Currency Risk in Project Finance

In developing countries, international financing institutions (IFIs) often help finance key infrastructure projects, predominantly through hard currency loans.

By David Uzsoki, Wim Verdouw (IMG Rebel), Carlos Dominguez Ordonez on September 10, 2015

In developing countries, international financing institutions (IFIs) often help finance key infrastructure projects, predominantly through hard currency loans.

Without the participation of IFIs, international commercial banks would typically be hesitant to participate in the financing of such projects. However, due to the nature of the international floating exchange rate regime, hard currency loans create currency risk, which in turn results in uncertainty and potential additional liabilities for the receiving countries. To avoid this situation, local currency financing would be preferable but may not always be available.

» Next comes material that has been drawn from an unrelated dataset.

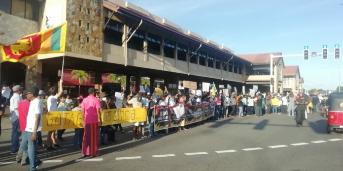 “ගෝඨාගෝ ගම හයියට” තමන් ද උද්ඝෝෂණය කරන බව පවසමින් ගාල්ල නගරයේ අද (14) සවස උද්ඝෝෂණයක් පැවැත්විණි. ගෝඨාගෝ ගමට නෑ ගමන් යාමට ඉන්ධන නොමැතිවීම හේතුවෙන් මෙලෙස ගාල්ල නගරයේ උද්ඝෝෂණය පවත්වන බවත් ඔවුහු කීහ.

This paper analyzes the impacts of currency risk on infrastructure projects in developing markets and identifies ways that currency risk can be managed. It then proposes a two-pronged strategy for IFIs to address the issue of currency risk, focusing on improving local capital markets and developing local currency financing solutions. Based on this strategy, the paper then analyzes various financial tools that IFIs can use to stimulate local currency financing in order to help countries meet their development goals while limiting their exposure to currency risk.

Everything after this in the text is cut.